In that report, you should address (as relevant):

  • The problem you are addressing, particularly how you refined the provided idea.
  • The data that you used: how it was gathered, cleaned, etc.
  • Techniques you used to analyse the data.
  • Your results/findings/conclusions.
  • Some appropriate visualization of your data/results. Have a look at The Python Graph Gallery for less-common but possibly more interesting visualizations.
  • Limitations: problems you encountered, things you would do if you had more time, things you should have done in retrospect, etc.

On report length, since people often ask: in general, if you're asked for content of a certain length (presentation, report, etc) and you produce something notably different, that doesn't meet the spec and is worse.
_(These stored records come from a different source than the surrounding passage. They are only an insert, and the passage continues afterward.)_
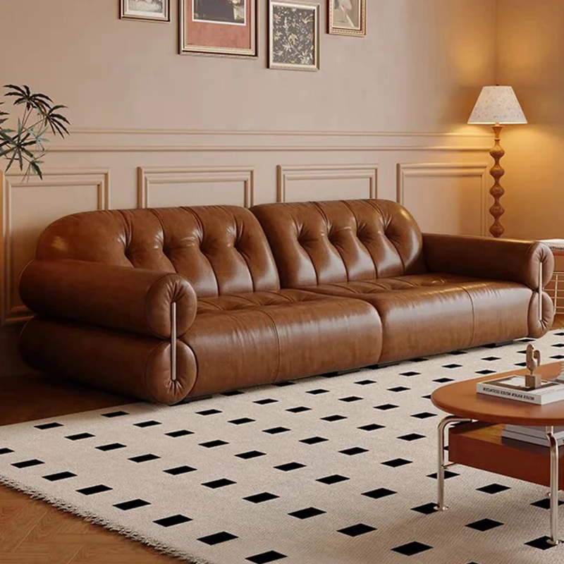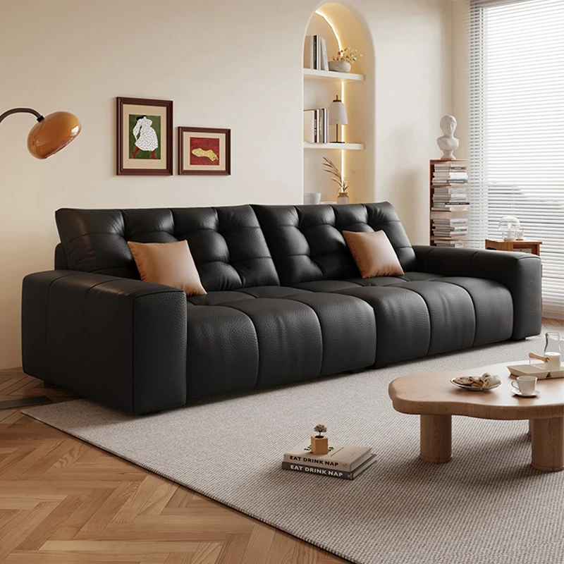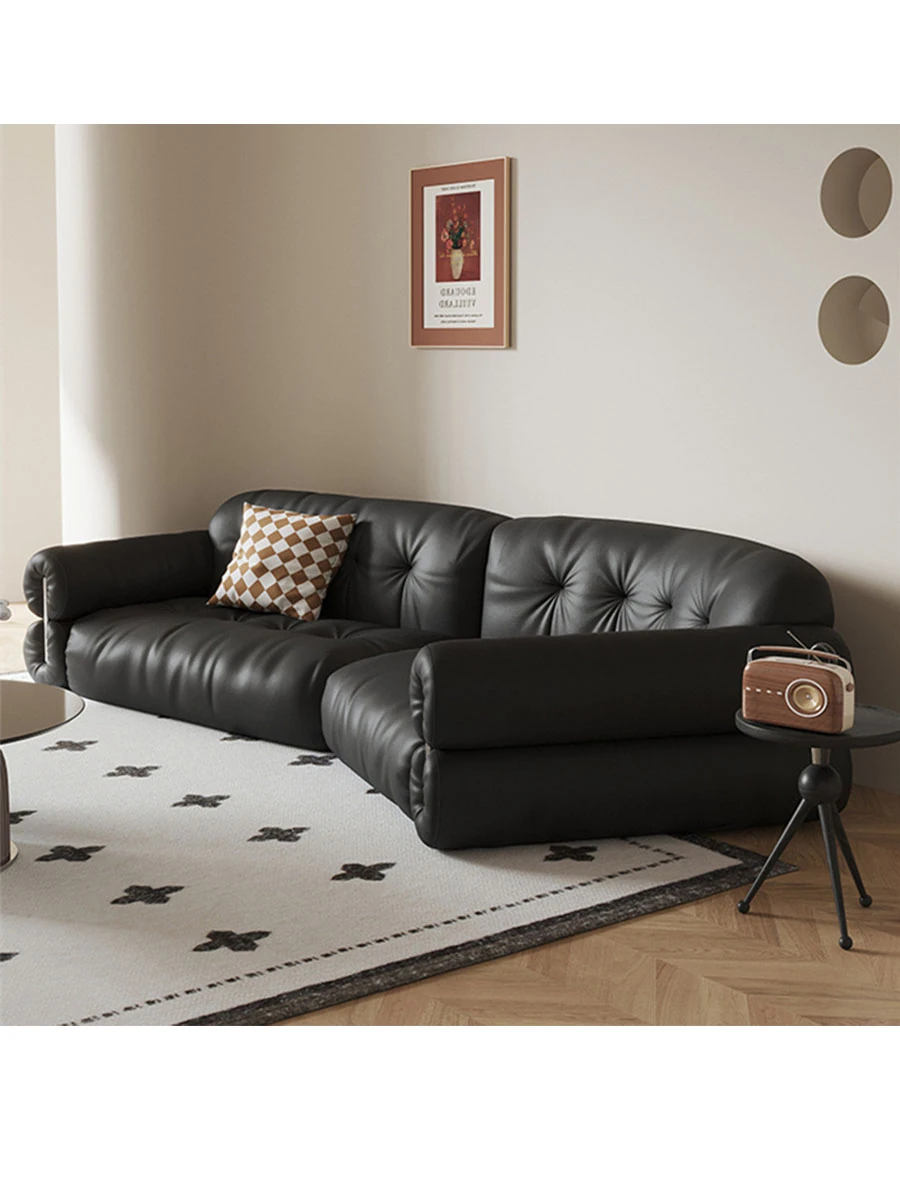 French Vintage Style Oil Wax Genuine Leather Black Sugar Cloud Sofa for Small Living Rooms - Modern Minimalist Design with High-Tech Fabric Upholstery
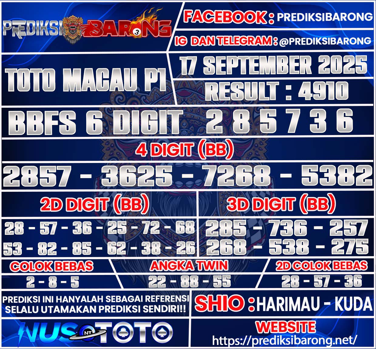 Prediksi Barong adalah layanan prediksi togel yang dirancang khusus untuk membantu para pemain togel dalam meraih keberuntungan. Pada edisi kali ini, kami menyajikan prediksi togel untuk pasar Toto Macau P1 pada hari Rabu 17  September 2025. Dengan analisis mendalam dan metode yang telah teruji, kami berusaha memberikan angka-angka yang memiliki potensi tinggi untuk keluar. Prediksi ini tidak hanya berdasarkan keberuntungan semata, tetapi juga menggunakan data statistik dan pola permainan sebelumnya yang dapat memberikan wawasan lebih bagi para pemain.
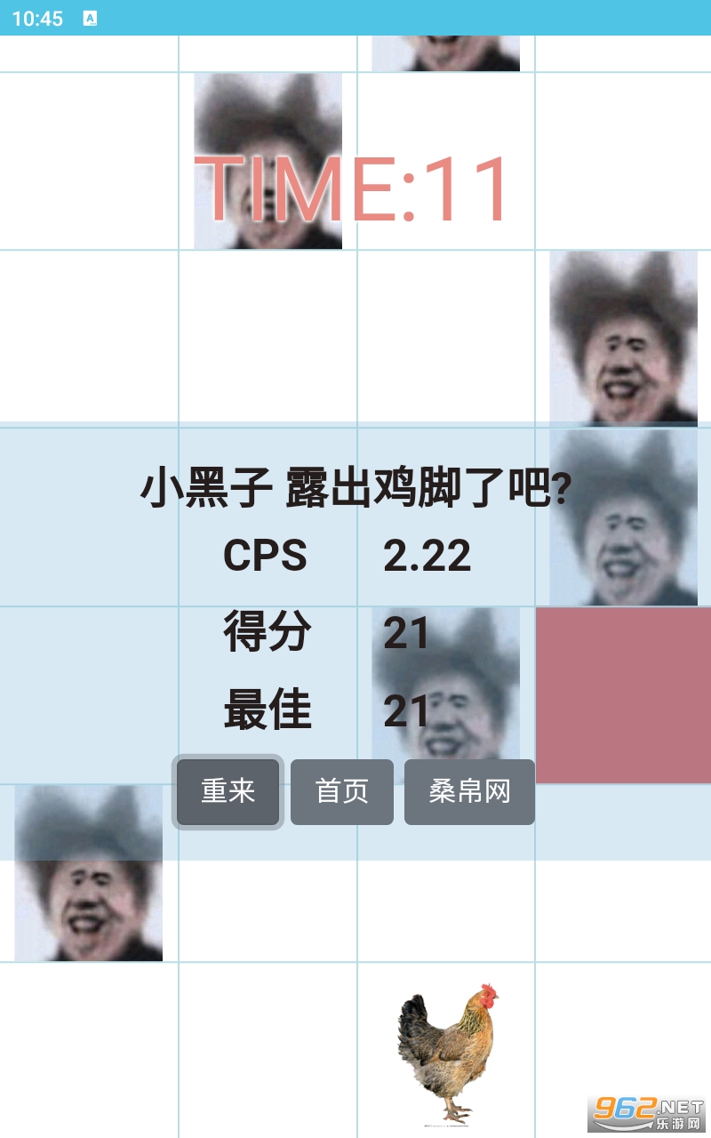 2、听坤坤的歌曲,去点击坤坤的方块,分数累积起来,不断的去挑战;
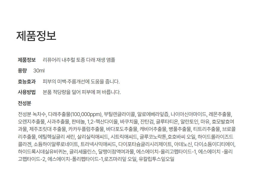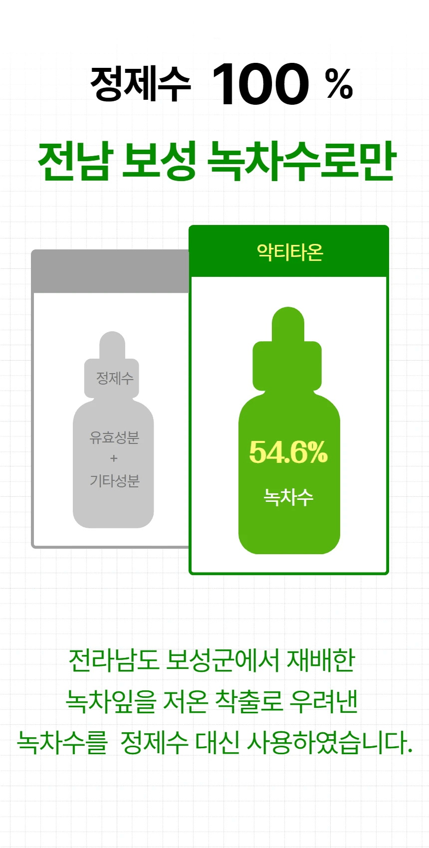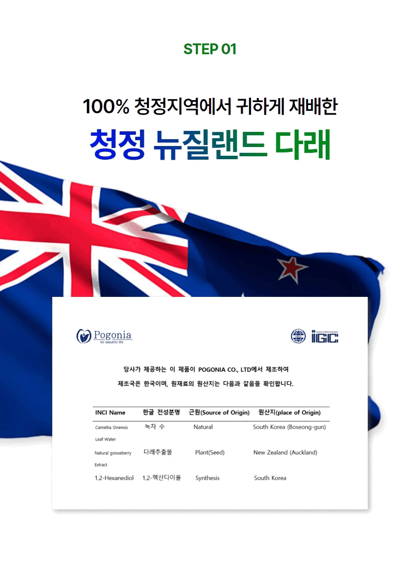 - 0% Purified Water: Replaced with Boseong green tea water from Jeollanam-do for enhanced hydration and antioxidant benefits.
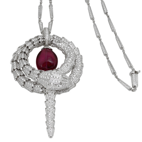 Presented at the Port du Cap d'Ail, Bulgari is exploring the many faces and nuances of Italian culture and landscapes through its new collection. Sapphires, rubies, amethyst cabochons and huge clutches of emeralds create necklaces, earrings, items that reminds us the Italy of the Borgias and Medici, but with its modern touch.
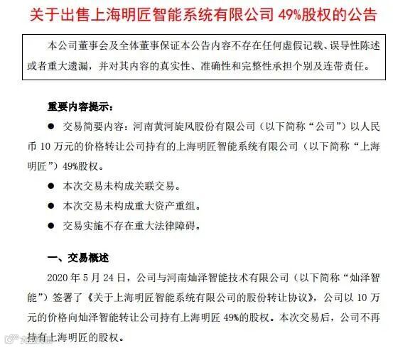 2015年5月,黄河旋风声称要多元化发展,以4.2亿元,溢价20倍,并购了一家工业智能制造公司“上海明匠”。
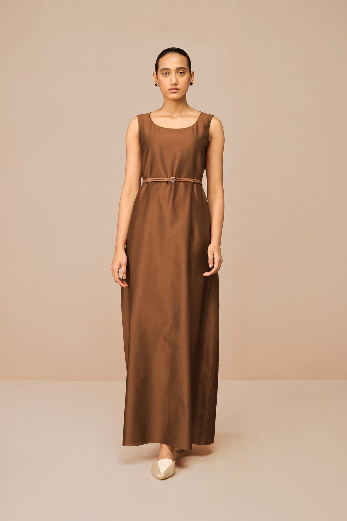 Like freshly tilled earth, mirdea’s rich brown colour gleams under the sunlight. Made of luxe cotton silk, light and airy, mirdea is a simple jacket set where the details shine. A wide lapel, blocks of beige bordering the sleeves and hemline with cut-work details running down the seams of the jacket against an ivory backdrop make the set. The set is complete with a matching inner dress and a faux leather belt. Pair mirdea with our ninah mules and myah mini clutch in pearl white for a look that stuns at any weekend get together.
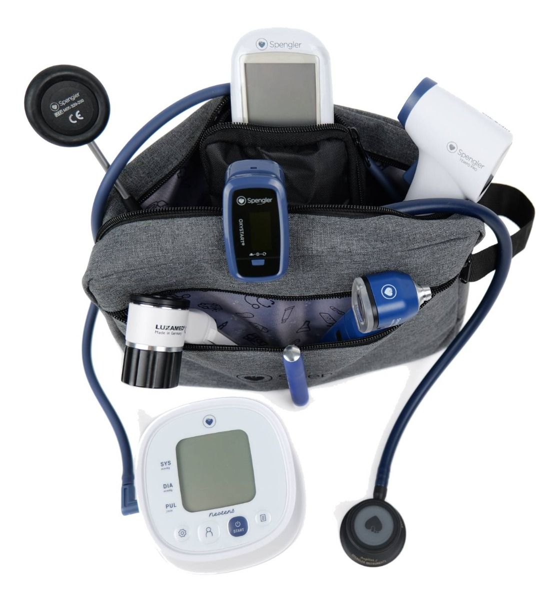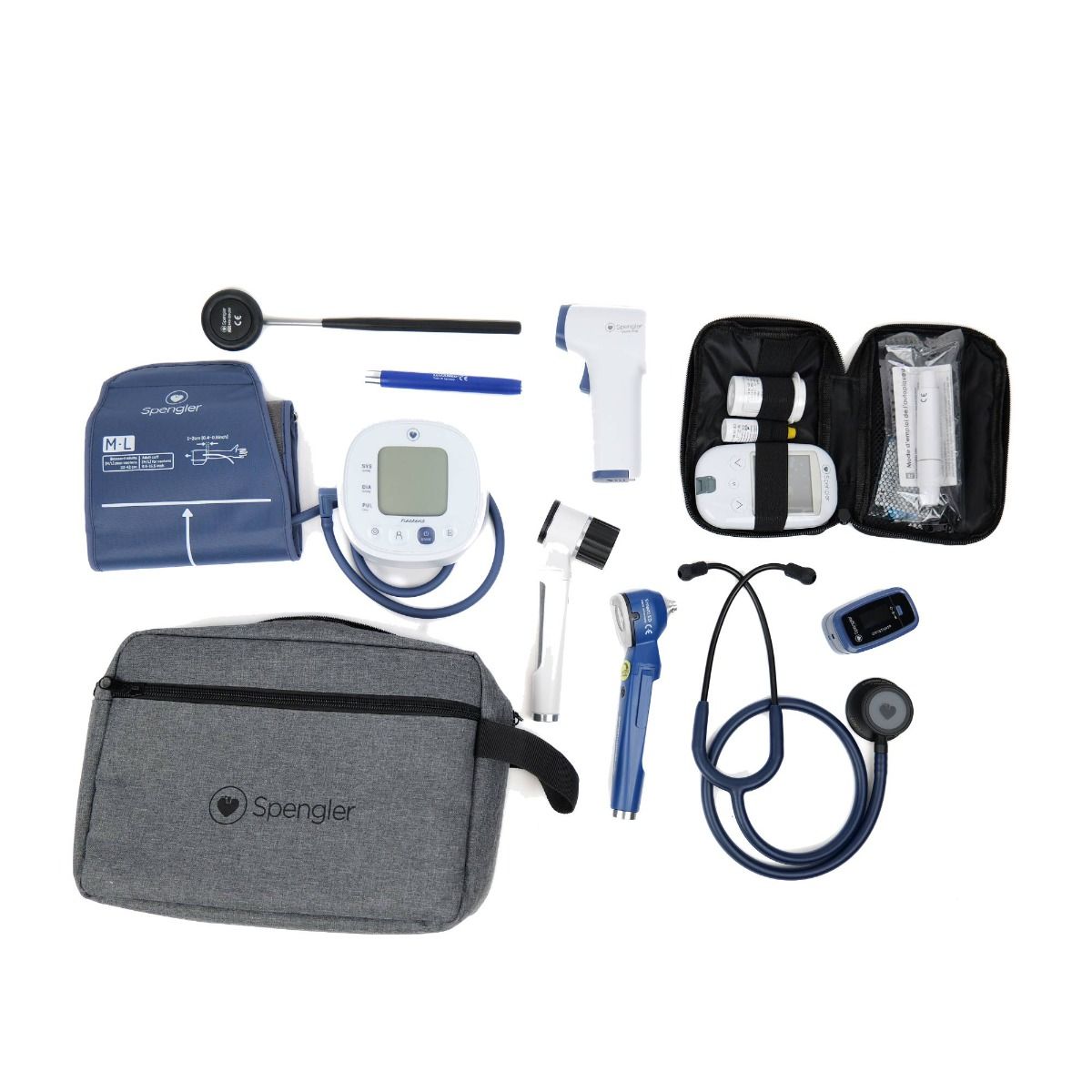 La trousse de diagnostic médicale complète Spengler concentre l’expertise et la fiabilité de la marque dans un ensemble cohérent d’instruments essentiels. Pensée pour accompagner les examens cliniques courants comme les situations d’urgence, elle réunit des dispositifs performants couvrant l’ensemble des actes de diagnostic : contrôle des réflexes, auscultation, mesure de la pression artérielle, de la saturation en oxygène et de la glycémie, prise de température sans contact, observation cutanée, inspection du conduit auditif et éclairage ciblé.
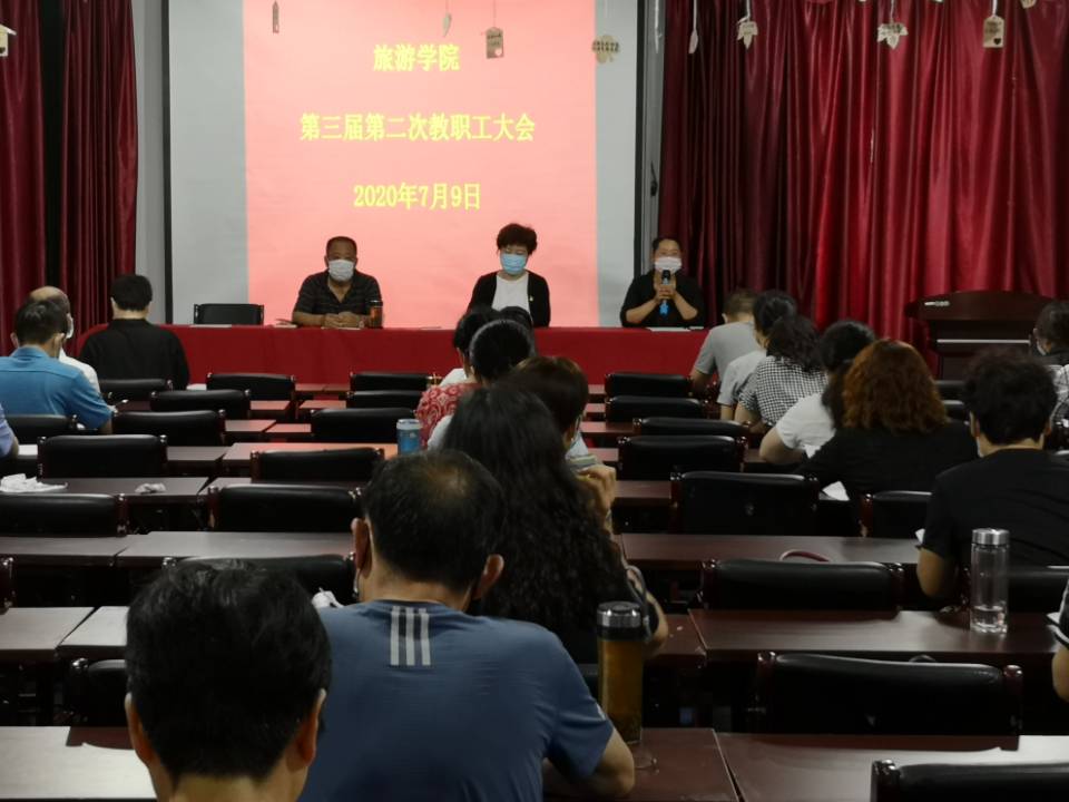 在会展多功能厅召开第三届第二次教职工大会,学院党政领导班子、全体教职工参加会议。院党委副书记王翠改主持会议。
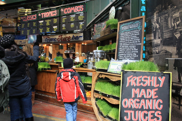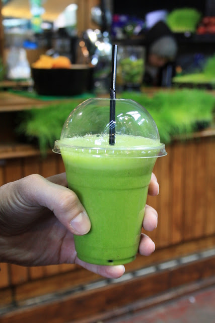 Am descoperit si o taraba cu sucuri natural in combinatii originale si cu multe ingredient sanatoase (iarba de grau, ghimbir, acai) de unde am luat un smoothie de banana, mere si iarba de grau foarte bun dar cam scumput (4 lire).
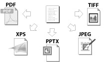 可以傳送多種檔案格式的文件,包括PDF、XPS、OOXML(pptx)、JPEG和TIFF。這樣,使用者可以根據文件用途和接收者的文件操作環境自由選擇最適合的文件傳送方式。
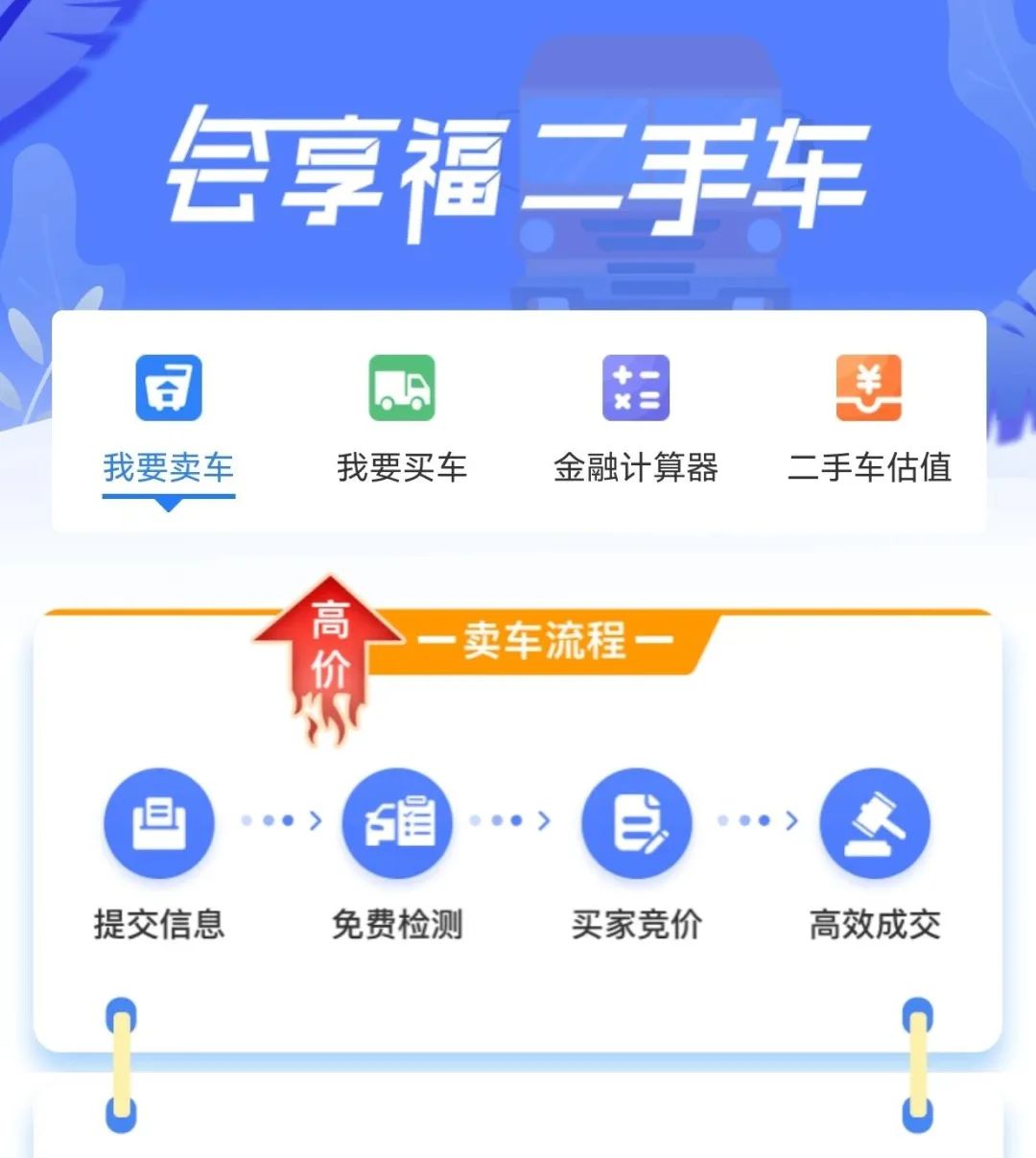 近年来二手商用车的交易量持续增长,二手车买卖成为汽车行业发展的重点领域,但当前市场发展还不完善,存在车况信息不透明、定价标准不统一等现象,使得交易成本高,交易效率低下。为了更好服务福田客户买卖二手车,福田e家支持二手车评估、交易、维修和保养等服务。无论客户想买车、还是想卖车,在福田e家上都能找到答案。在二手车买卖功能中,一键填写买车或者卖车的信息后,会享福能提供严格的检测、评估、服务、售后等交易体系确保交易双方的合法权益。同时,会享福二手车还能为客户提供快速处置方案,通过全国竞拍、跨区域处置,让客户获得更高的车辆溢价,提升保值率。
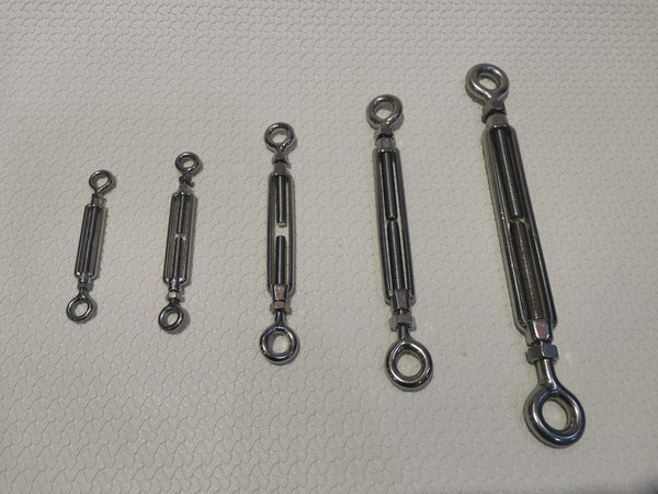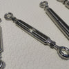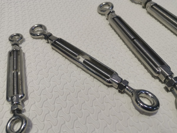 For those uses of a semi-industrial nature we find these open barrel turn buckles ideal to cope with most tensioning uses. Easy to see what is going on and to grip by hand to twist up.
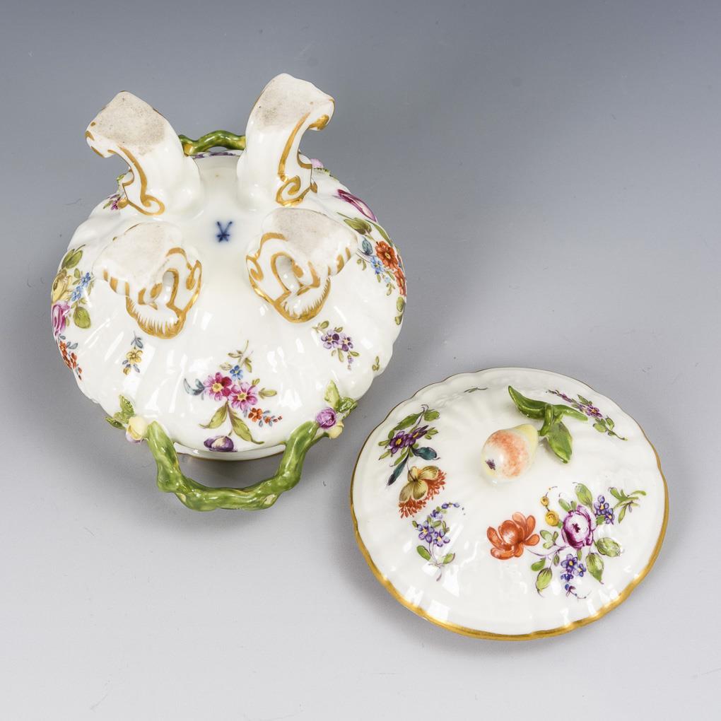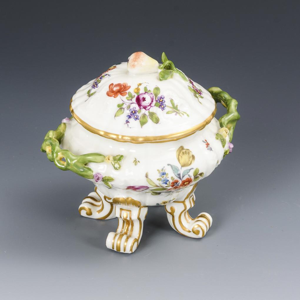 Zuckerdose mit vier Volutenfüßen, zwei Asthenkeln und Deckel mit Birnenknauf. Partiell Blätter und 1 Henkel restauriert.

Deciding what is important to say is a critical part of communicating. The report is going to be the most critical way we're going to learn about your project, and you need to get to the point, not ramble on and give every possible thought you've had. The TAs aren't going to be too strict with the length, but if you annoy them, that's a bad report.

Project Experience Summary

In your report, include (in addition to the above page restriction) an overview of the project as your would include it as project experience on your resumé. Co-op calls this a “accomplishment statement” and it might go on a resumé under a heading like “Project Experience”.

When writing content for your resumé, focus on your skills, education, experience, and knowledge as accomplishments, rather than duties and tasks. Accomplishment statements could also be phrased by beginning with the result, rather than ending with it.

SFU Co-op has some guidelines on how to write accomplishment statement.

Grading

Criteria for marking the projects will include:

  • acquiring/cleaning the data;
  • defining/refining the problem;
  • data analysis;
  • how well you explained the whole thing.

Submitting

Submit your files through CourSys for the Project activity.

Updated Wed June 25 2025, 13:33 by ggbaker.